Magaluf (/mægəˈluːf/, /ca/, /es/) is a resort town on the western coast of the island of Mallorca. Known as a major tourist destination and holiday resort town, Magaluf is in the municipality of Calvià, which is likewise a popular package tour destination. The town is known for its nightlife.

==Resort==
Magaluf is part of the municipality of Calvià and is located within a group of towns which includes Palma Nova and Torrenova. The resort caters to young (mainly British) adults and couples as well as families, with peak season during July and August. During the winter season (November through March), the population of Magaluf consists primarily of local residents, with most resort and package-based hotels closing their doors.

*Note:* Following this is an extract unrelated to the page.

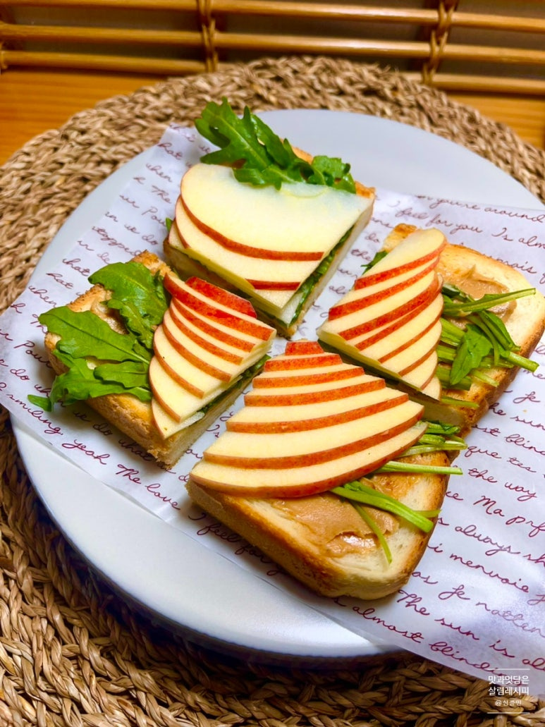 사과 루꼴라 오픈 샌드위치 만들기: 든든한 브런치 메뉴

Magaluf consists of a white sandy beach and the Magaluf strip, which is the centre for the main nightlife and restaurants. The twin resorts of Magaluf and Palma Nova are the largest resort developments of the municipal district of Calvià, and are situated on the island's south west coast at the western end of the huge Palma Bay, approximately 15 km from Palma, and the Son Sant Joan International airport. Meliá Hotels International started the required investment for the first stage in modernising the resort of Magaluf, by updating four hotels on the beach front, known as the Calvià Beach Resort, which opened in June 2012.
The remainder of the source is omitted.